(Supplied material):

*****

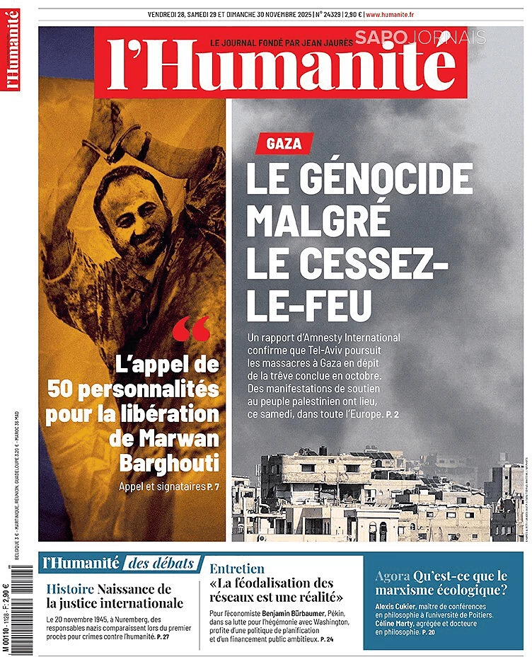 GAZA: O GENOCÍDIO APESAR DO CESSAR -FOGO Novembro 28, 2025 admin0 commentsUncategorized JORNAL DA ESQUERDA DA FRANÇA
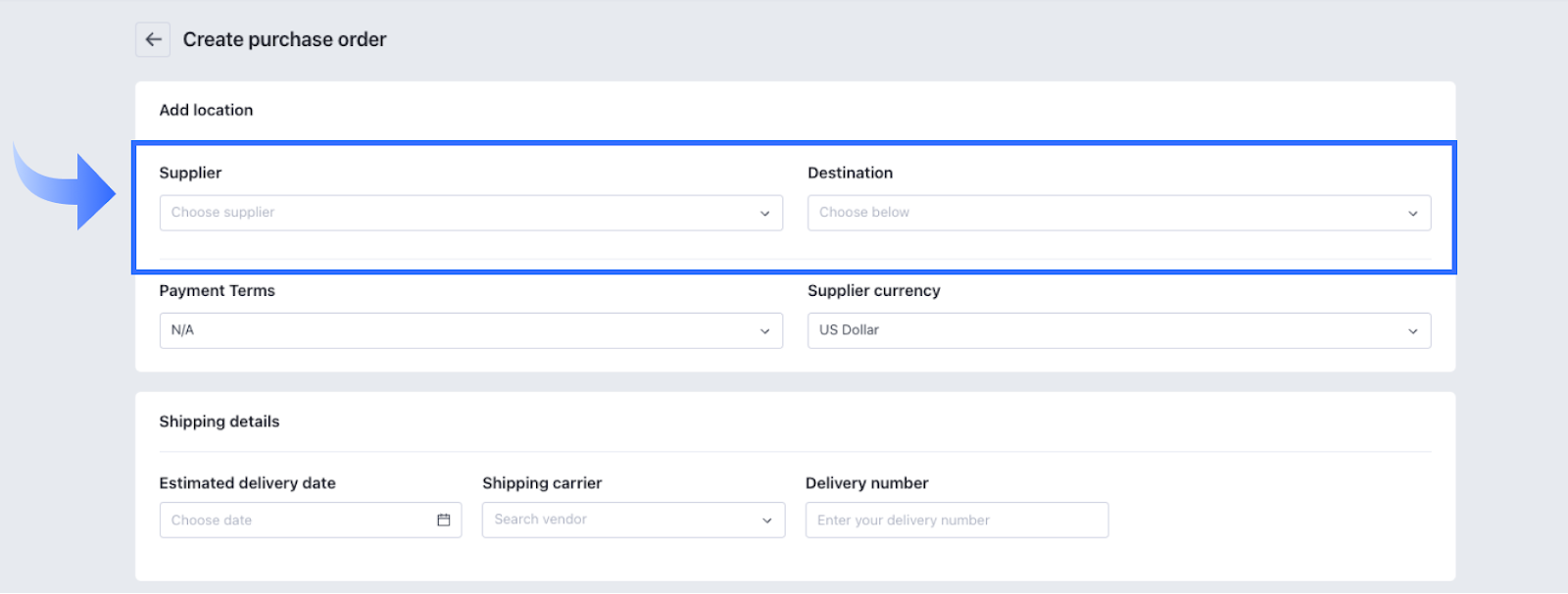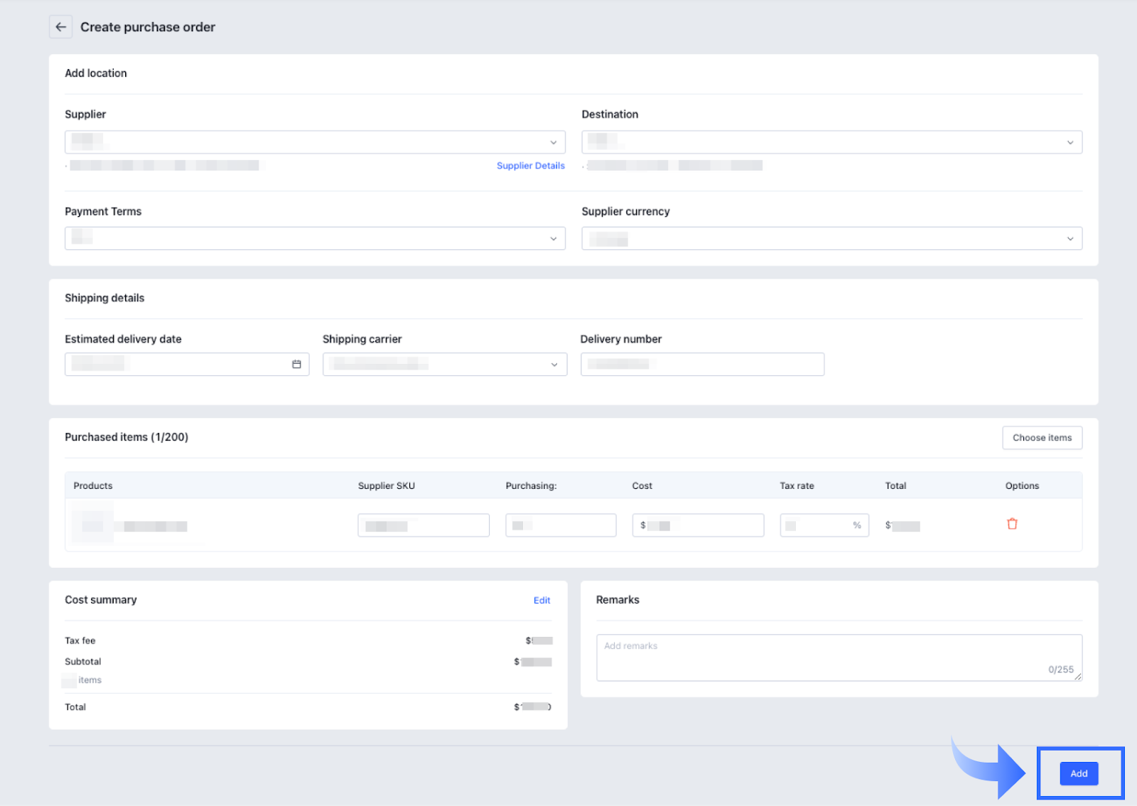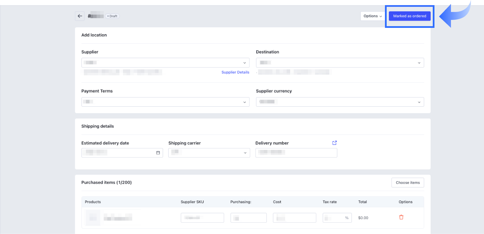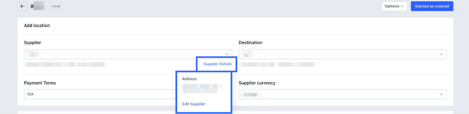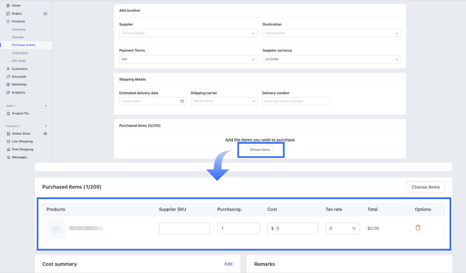 Khi bạn điền thông tin cho một đơn đặt hàng, SHOPLINE tự động ghi lại thông tin liên quan về các sản phẩm được mua từ nhà cung cấp, bao gồm chi tiết sản phẩm, thông tin nhà cung cấp, SKU của nhà cung cấp, chi phí, tỷ lệ, tiền tệ, v.v. Lần tiếp theo bạn mua cùng một sản phẩm từ cùng một nhà cung cấp, SHOPLINE sẽ tự động thêm thông tin này cho bạn.
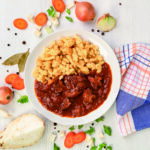 Kousky hovězího masa dušené v jemné smetanové omáčce z kořenové… | 105,00 Kč | 46 | Max: 46 Min: 1 Step: 1 | |||

*****

(What you will do):
Print, please, exactly the lines from the one holding "Khi bạn điền" through the final line of the data, both included, while leaving out each picture.

(Response area):
 Khi bạn điền thông tin cho một đơn đặt hàng, SHOPLINE tự động ghi lại thông tin liên quan về các sản phẩm được mua từ nhà cung cấp, bao gồm chi tiết sản phẩm, thông tin nhà cung cấp, SKU của nhà cung cấp, chi phí, tỷ lệ, tiền tệ, v.v. Lần tiếp theo bạn mua cùng một sản phẩm từ cùng một nhà cung cấp, SHOPLINE sẽ tự động thêm thông tin này cho bạn.
 Kousky hovězího masa dušené v jemné smetanové omáčce z kořenové… | 105,00 Kč | 46 | Max: 46 Min: 1 Step: 1 | |||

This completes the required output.